交感神経は人間が活動している時に活発になる神経で、副交感神経はリラックスしているときに活発になります。
人間はこの2つの神経のバランスが上手く調整されていることによって、心地よい体調を維持することができるのです。
そして、音楽は、この2つの神経を整え、情動を抑制させる力があります。
何故なら、音楽は人間の「しあわせホルモン」と呼ばれる「セロトニン」を多く、分泌させることができるからです。
セロトニンは「脳の働きを活性化させることで、精神に安定をもたらす力」があるため、情動抑制にはもってこいなのです。
音楽療法がもたらす効果⑦痛みを軽減させ、治療効果を向上させることができる
音楽には人間が持つ痛みを軽減させる力があります。
しかし、ここでいう痛みとは、原因がはっきりしている「急性痛」ではなく、原因は分からないが痛みが生じてしまう「慢性痛」を指します。
慢性痛の構造は自律神経が緊張して、血管を締め付けてしまっていることが原因です。
この痛みをカバーするのに音楽は有効なのです。
理由は以下の通りになります。
- 音楽を聴くことによって「エンドルフィン」が分泌されるから⇒エンドルフィンにはモルヒネの6~7倍の鎮静効果があるため多幸感を得ることができる。
- 音楽を聴くことによって「聴覚性痛覚消失」と呼ばれる状態になるから⇒脳が活性化することによって「末梢神経」から脳に伝わる痛みをカバーできるから。

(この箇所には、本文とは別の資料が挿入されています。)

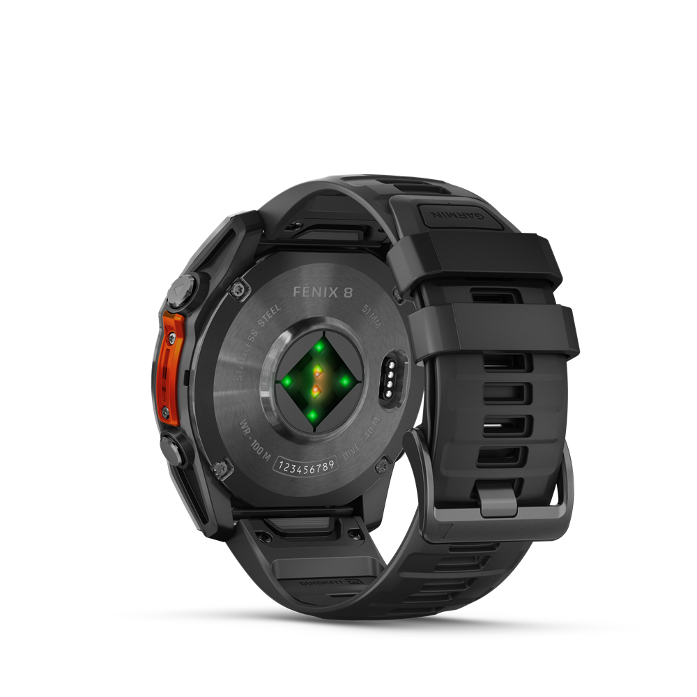 A Garmin fenix 8 tartós kialakítással bír, rozsdamentes acélból készült házzal és karcálló kijelzővel. Az intuitív fizikai gombok, beleértve a jellegzetes narancssárga akció gombot, még nedves vagy kesztyűs kézzel is könnyű kezelhetőséget biztosítanak. Az 51 mm-es tok mérete és a strapabíró fekete szilikon szíj kényelmes viseletet garantál a legintenzívebb edzések során is.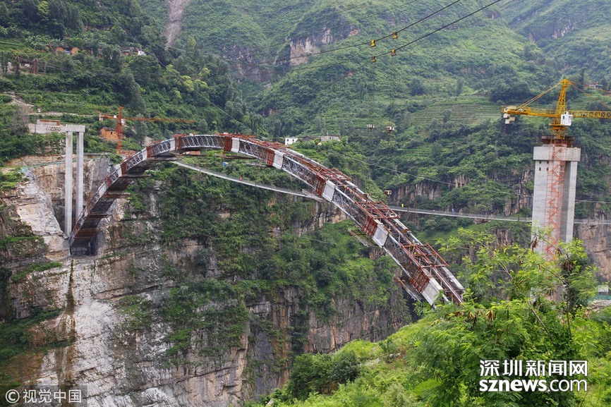 當(dāng)日,橫跨在貴州省沿河縣淇灘鎮(zhèn)烏江上方的沙坨特大橋主拱圈成功合龍。由貴州路橋集團(tuán)承建的沙坨特大橋全長(zhǎng)626.8米,鋼筋混凝土箱型拱跨徑達(dá)240米。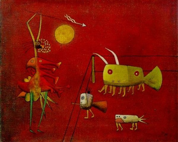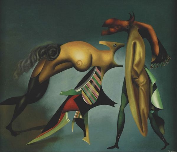 Editor: This is "La guerre africaine," or "The African War," painted by Jules Perahim in 1976 using acrylic paint. It definitely has a dreamlike quality, but also a slight feeling of tension with the sharp lines and weapon-like objects. What historical context informs this depiction of war, in your opinion? Curator: That feeling of tension is crucial. The 1970s were turbulent times globally, marked by Cold War anxieties and various post-colonial conflicts. Perahim, who experienced political persecution in Romania, may be channeling a broader critique of power and its impact. Notice how he abstracts the figures, almost dehumanizing them into geometric forms. Editor: So, you're saying the abstraction serves a purpose beyond aesthetics? Curator: Precisely. Consider the public role of art, particularly surrealism, in challenging political norms. Are these figures meant to represent specific parties, or are they stand-ins for broader concepts of aggressors and victims in an increasingly abstract form? Is Perahim engaging with or critiquing representations of African conflict in European art? What do you think? Editor: I didn't immediately think of colonial-era tropes, but seeing those strange, elongated bodies, I do wonder about a sort of alienation—from humanity or from place? Also how the bright colours highlight these more sinister aspects, I suppose it forces you to reckon with them more clearly. Curator: The colours indeed amplify the dreamlike, unsettling quality. Thinking about art's role, Perahim asks the viewer to consider power dynamics, challenging assumptions. Editor: I really see the narrative in a totally different light. Thank you for elaborating. Curator: It's fascinating how art can serve as a cultural mirror, and reveal the social context in new ways.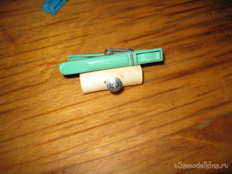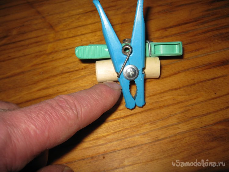 Ну, а затем, я ввернул в этот отрезок два шурупа с прессшайбой, для установки бельевых прищепок. Дело в том, что в моих прищепках, по центру имеются вот такие выемки, которые при смыкании губок прищепок, образуют отверстие диаметром сантиметров пять.
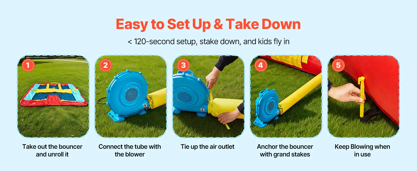 Ten dmuchany zamek jest łatwy w montażu i demontażu, a nadmuchanie go zajmuje mniej niż dwie minuty. Przed użyciem należy sprawdzić podłoże pod kątem ostrych przedmiotów. Aby schować, wyłącz dmuchawę, zwiń dmuchany zamek i umieść go w dołączonej torbie.

エンドルフィンと聴覚性痛覚消失の原理を応用すれば、ゆくゆくは「がん治療」の分野においても役に立つ可能性があるとハーバード大学は述べています。
しかし、病巣そのものを排除することはできません。
治療に伴う「化学療法」や「放射線療法」への不安を音楽を聴くことによって取り除くことを目的としています。
病気と向き合うにあたってメンタル面へ呼びかけることで、治療へのモチベーションを上げていくことが可能なのです。
十分な理解の上で音楽療法を実践しよう

かつてハーバード大学がブログで、発表した音楽療法の効果について解説しました。
音楽療法が心身の「成長や治療」において多大な影響を持っていることが分かったと思います。
ただ単に闇雲に実践していくのではなく、ちゃんと効果内容を把握していくことで、また結果も変わっていきます。
だからこそ、実施していくにあたっては充分な理解が必要となるのです。